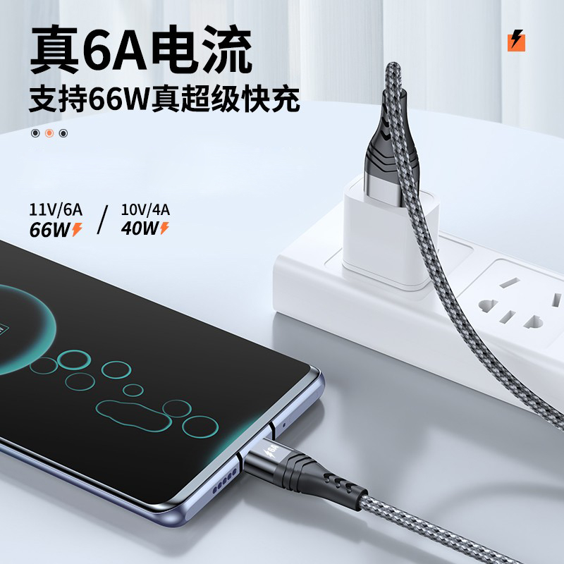 3米加长66w 40w超级快充电线5 6A适用华为小米type 数据线 waitu便携0.5 c充电宝短款
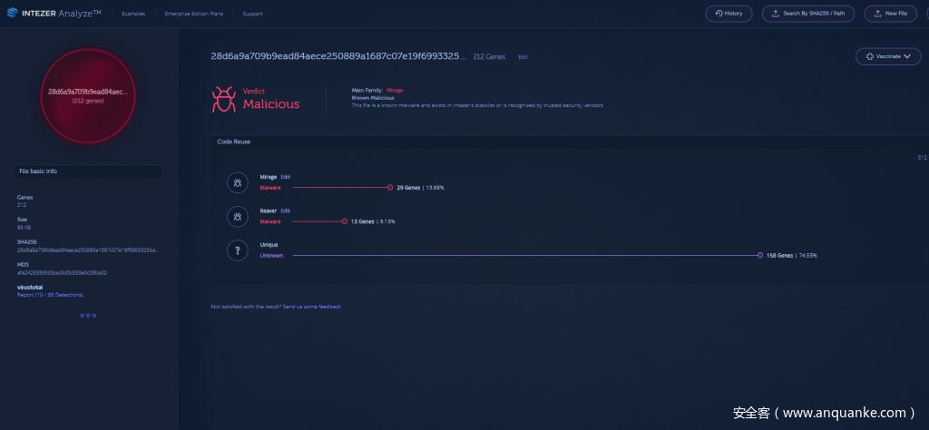 在VirusTotal上,我们可以看到,只有10/66检测出这个二进制文件,11/66检测出MirageFox的另一个类似版本(SHA256:97813e76564aa829a359c2d12c9c6b824c532de0fc15f43765cf6b106a32b9a5),9/64检测出已上传的第三个MirageFox二进制文件(SHA256:b7c1ae10f3037b7645541acb9f7421312fb1e164be964ee7acd6eb1299d6acb2)。
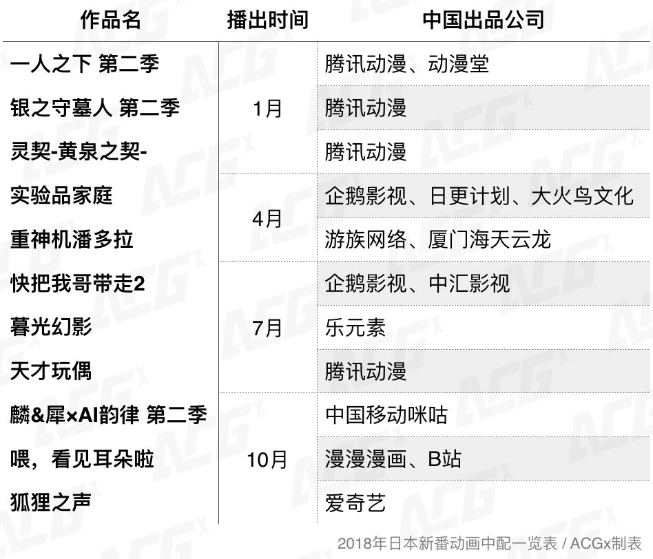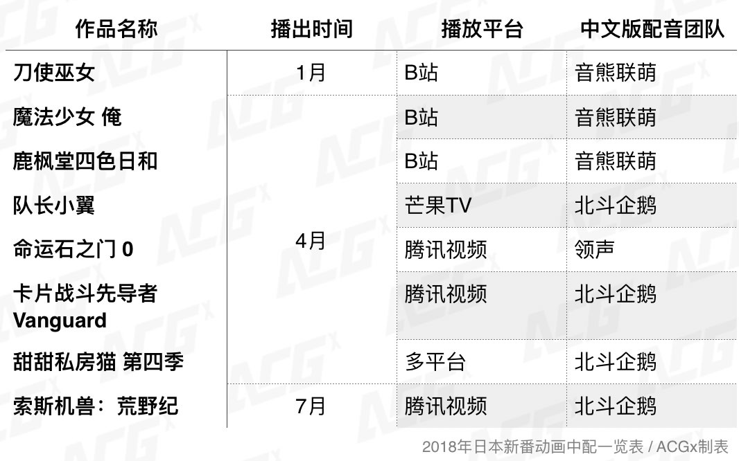 在2018年4月,很多中国的动漫爱好者都注意到了部分新番动画推出中配版的情况。据ACGx不完全统计,在2018年推出且具有中配版的新番动画,有以下几部:
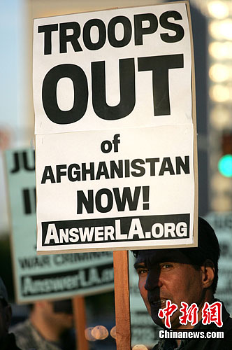 当地时间2012年3月20日,在美国入侵伊拉克九周年之际,一群反战示威人士手持抗议标语牌在洛杉矶联邦大楼外示威,要求美军立即撤出阿富汗及还伊拉克公正。(中新社发 林戈 摄)
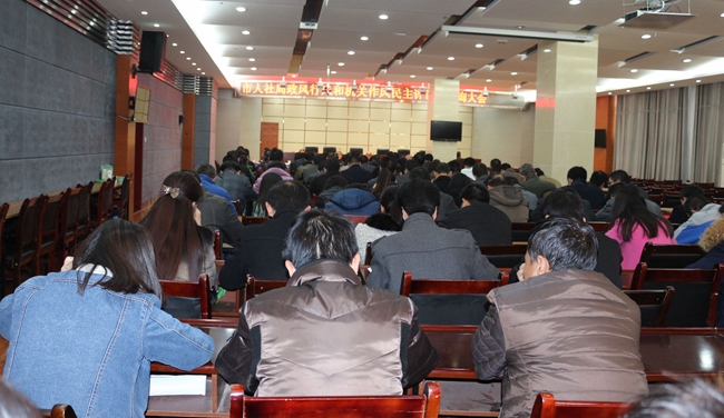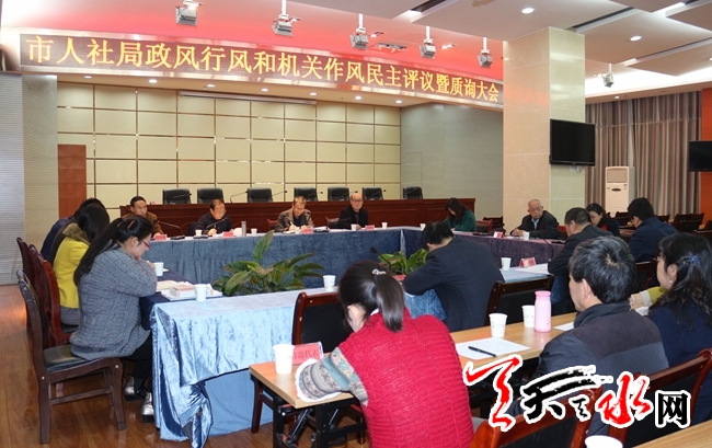 天天天水网讯(通讯员 张竞鸿 移红霞)12月9日下午,市人社局召开效能风暴行动民主评议政风行风和机关作风暨质询大会。会议由市行评第五组组长袁如平主持。市行评第五组组员张泽康、冯敬友同志,市效能办、市直机关工委宣教科科长成雪峰,市人社局聘请的行评监督员周成德、廖丽娟、王燕和各方面的服务对象代表,市人社局党委班子成员、局属各单位负责人、局机关及局属单位干部职工共130多人参加了会议。
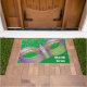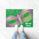 This doormat is shown in green with a gold stars print with a festive Mardi Gras Carnival Mask print.
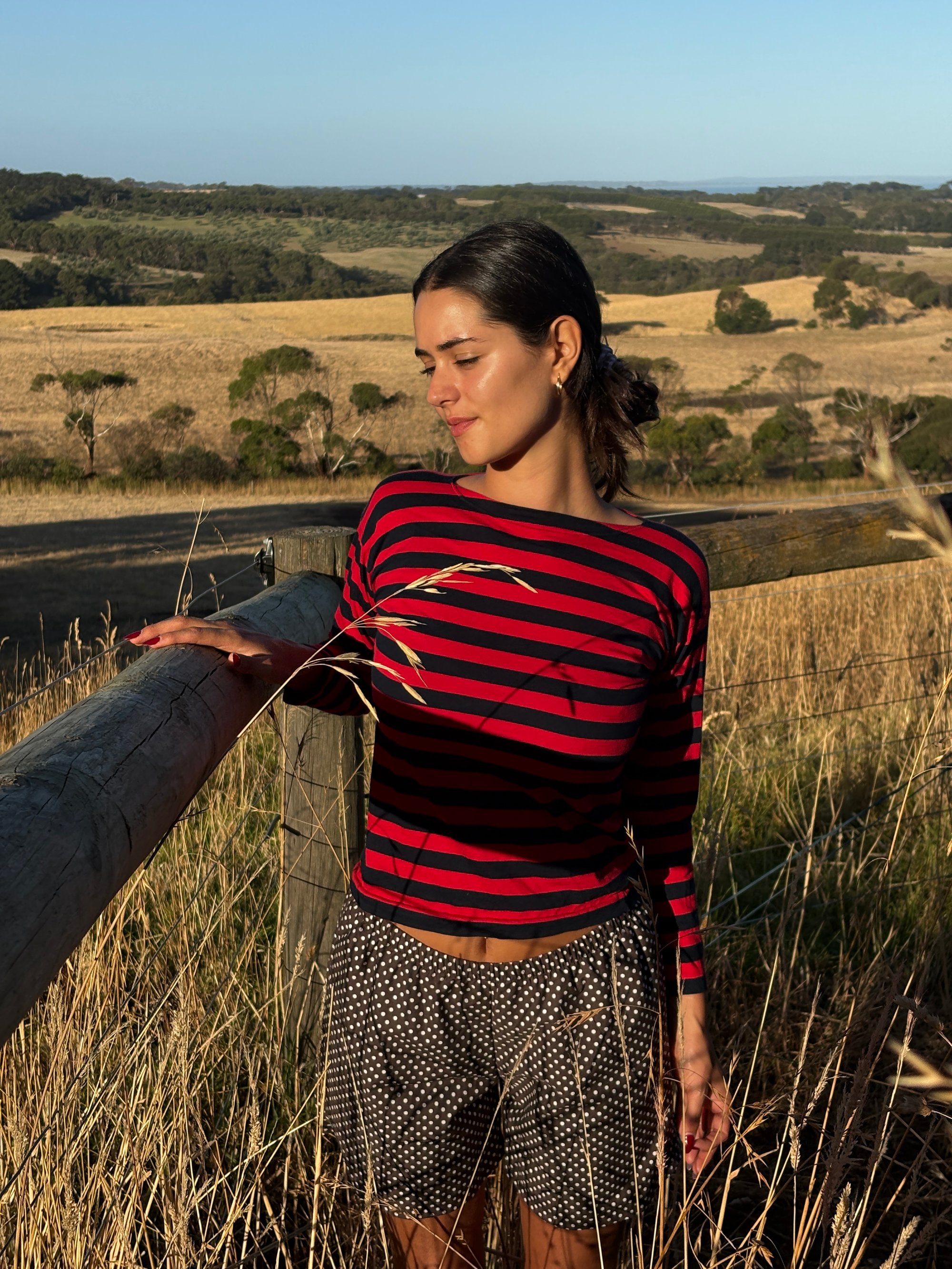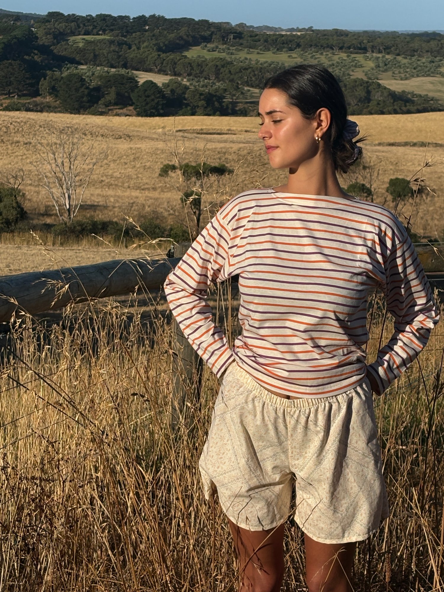 • Pictured: standard Aus 8 wearing size 1 (XS) and wearing a size 2 in the Green/Navy and the Orange/Purple/Cream
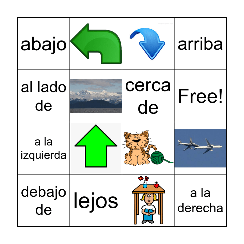 This bingo card has 8 images and 9 words: debajo de, abajo, arriba, cerca de, Free!, lejos, al lado de, a la izquierda and a la derecha.

■ ■ ■ ■ ■

TASK INSTRUCTIONS.
Extract exactly the lines above from the line containing "This doormat is" through the last one, both ends included, but not the pictures.

OUTPUT OF THE EXERCISE.
 This doormat is shown in green with a gold stars print with a festive Mardi Gras Carnival Mask print.
 • Pictured: standard Aus 8 wearing size 1 (XS) and wearing a size 2 in the Green/Navy and the Orange/Purple/Cream
 This bingo card has 8 images and 9 words: debajo de, abajo, arriba, cerca de, Free!, lejos, al lado de, a la izquierda and a la derecha.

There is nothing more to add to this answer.